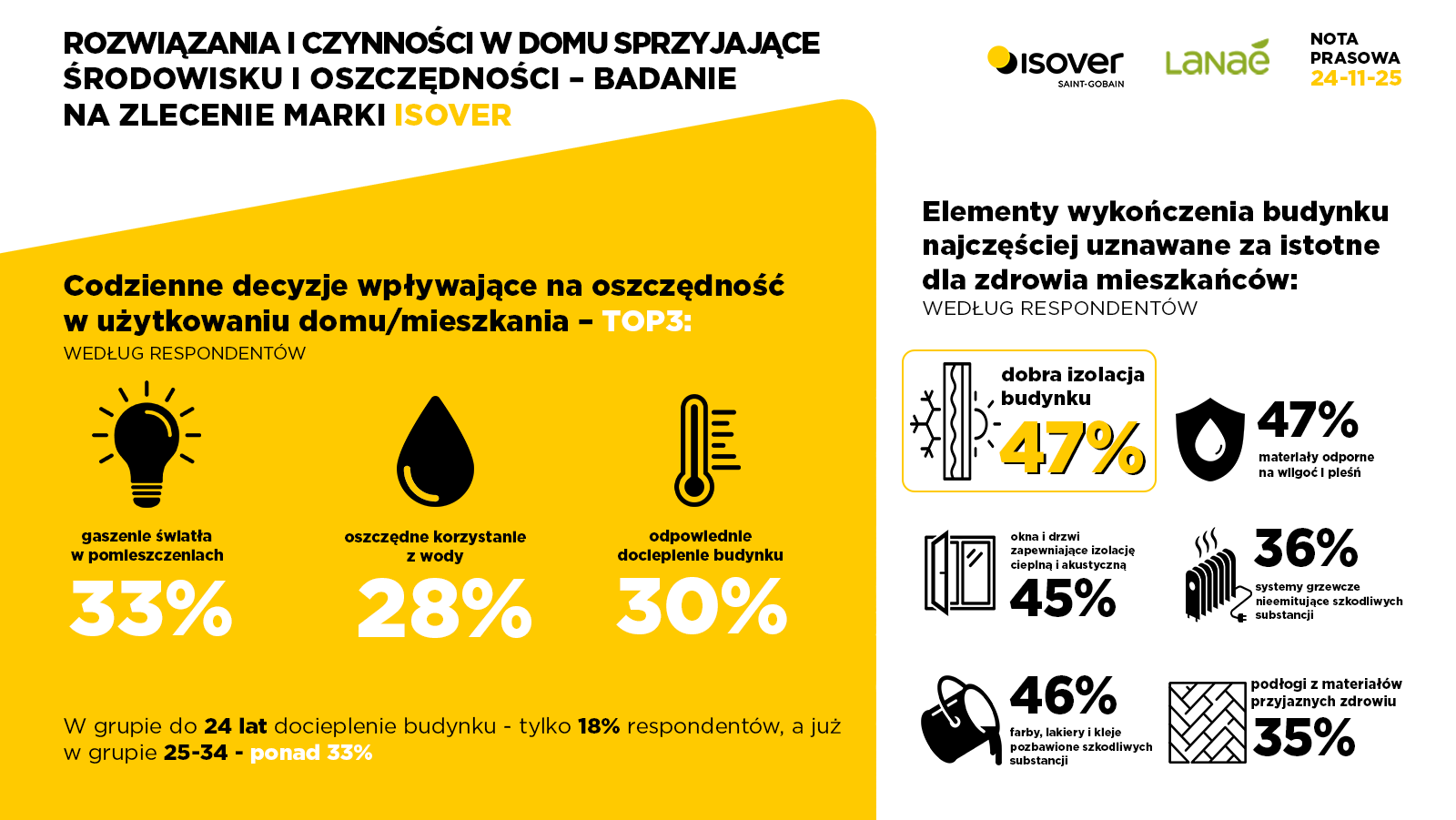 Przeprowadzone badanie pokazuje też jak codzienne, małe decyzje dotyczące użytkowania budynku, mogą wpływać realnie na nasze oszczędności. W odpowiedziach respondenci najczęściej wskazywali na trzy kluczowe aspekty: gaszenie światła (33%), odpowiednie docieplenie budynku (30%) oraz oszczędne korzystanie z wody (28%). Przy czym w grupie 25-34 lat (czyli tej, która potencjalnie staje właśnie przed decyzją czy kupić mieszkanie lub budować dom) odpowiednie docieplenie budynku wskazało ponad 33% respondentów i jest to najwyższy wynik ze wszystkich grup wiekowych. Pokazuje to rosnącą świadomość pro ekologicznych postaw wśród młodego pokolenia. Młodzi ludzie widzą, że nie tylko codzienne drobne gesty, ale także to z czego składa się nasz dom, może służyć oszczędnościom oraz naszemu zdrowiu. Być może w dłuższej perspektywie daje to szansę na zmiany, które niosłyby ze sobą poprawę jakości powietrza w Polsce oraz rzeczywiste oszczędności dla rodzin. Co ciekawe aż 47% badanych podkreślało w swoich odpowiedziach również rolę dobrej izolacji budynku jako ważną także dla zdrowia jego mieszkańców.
==
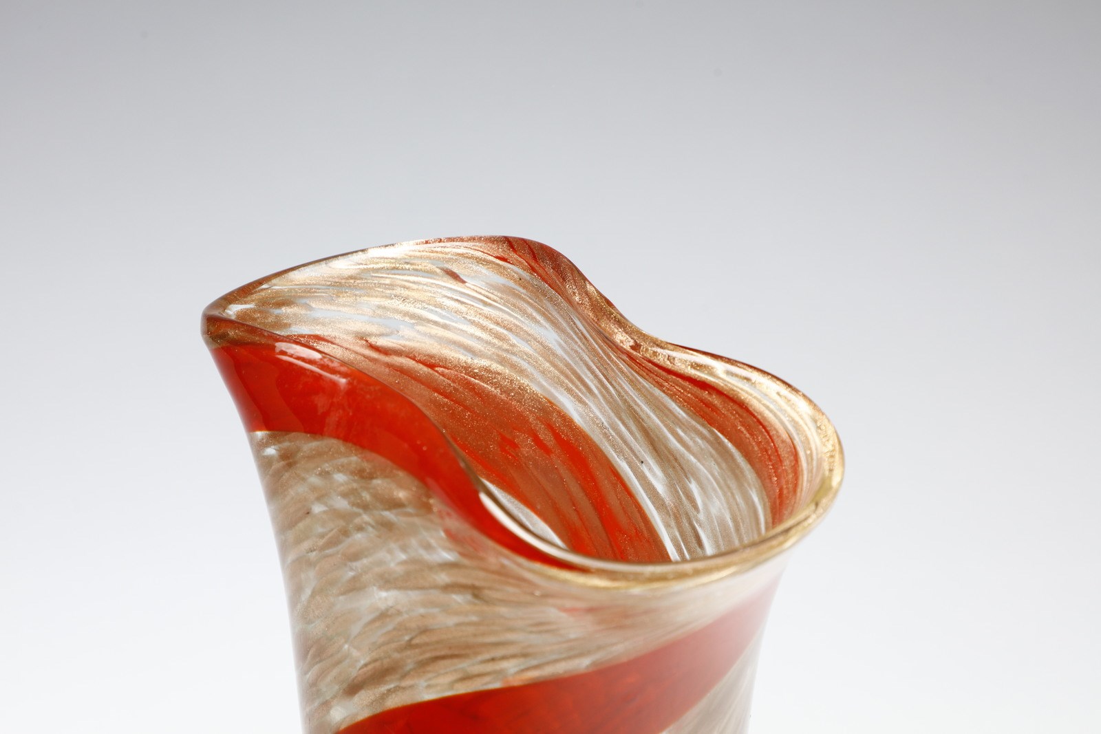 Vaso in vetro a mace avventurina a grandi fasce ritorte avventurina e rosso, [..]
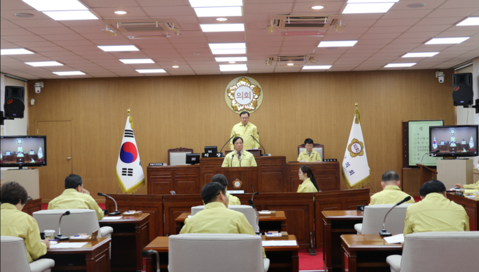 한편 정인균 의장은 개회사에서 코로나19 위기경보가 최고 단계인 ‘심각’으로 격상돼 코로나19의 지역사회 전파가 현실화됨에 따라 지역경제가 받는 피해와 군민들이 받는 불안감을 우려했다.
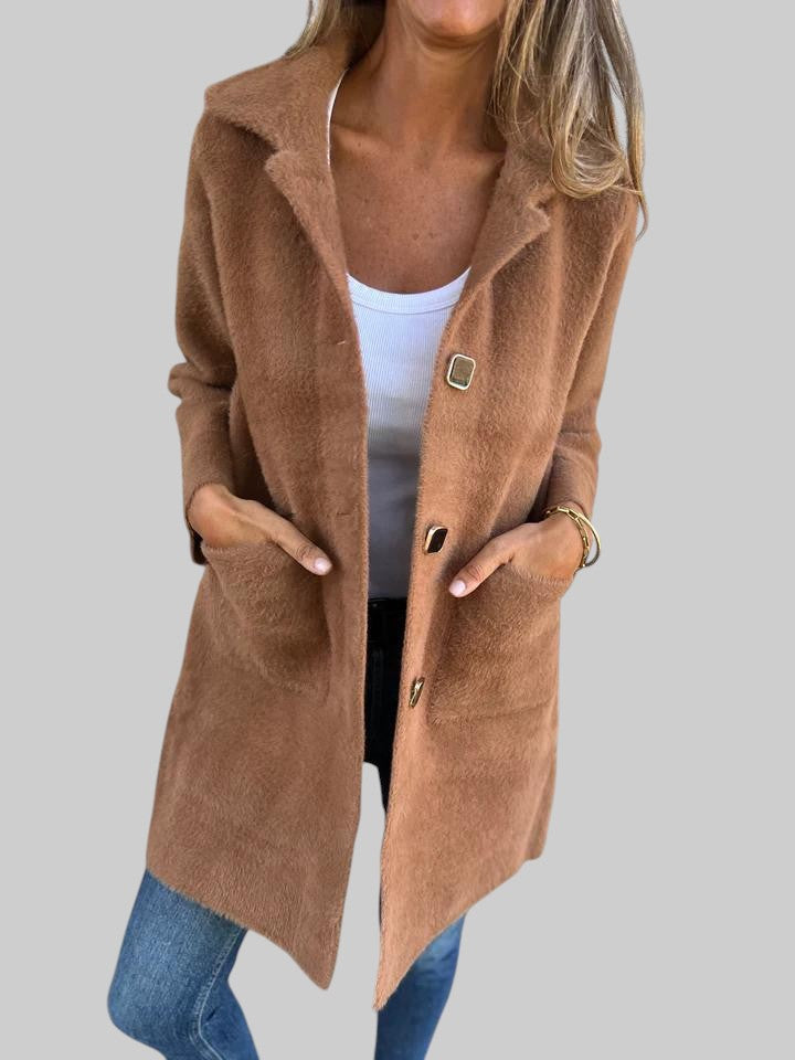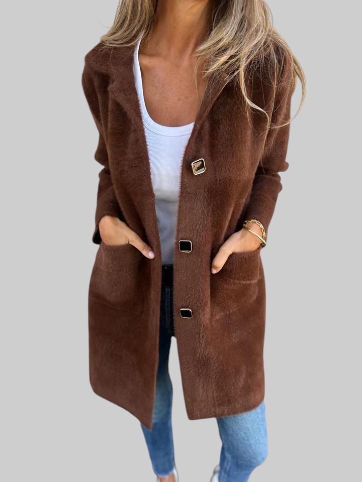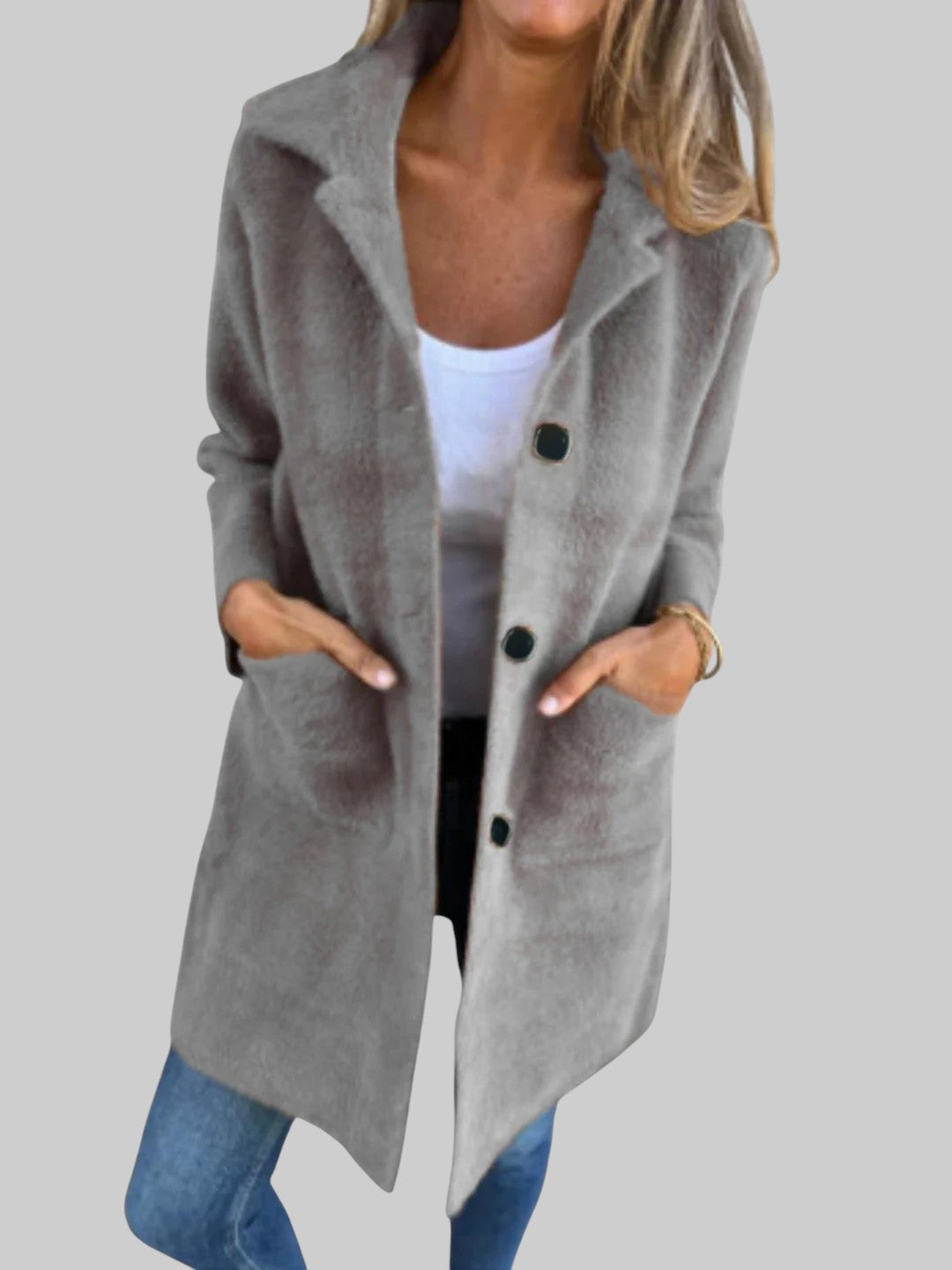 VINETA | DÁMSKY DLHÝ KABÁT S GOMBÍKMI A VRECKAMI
--
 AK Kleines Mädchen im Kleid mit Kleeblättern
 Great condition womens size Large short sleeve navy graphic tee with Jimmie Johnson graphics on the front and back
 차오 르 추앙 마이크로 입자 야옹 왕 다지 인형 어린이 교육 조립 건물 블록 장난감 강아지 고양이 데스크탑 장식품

**Problem to work on**. Among the lines above, repeat exactly those from the line with "Great condition womens" to the line with "차오 르 추앙 마이크로", counting both ends.

**Exercise output**.
 Great condition womens size Large short sleeve navy graphic tee with Jimmie Johnson graphics on the front and back
 차오 르 추앙 마이크로 입자 야옹 왕 다지 인형 어린이 교육 조립 건물 블록 장난감 강아지 고양이 데스크탑 장식품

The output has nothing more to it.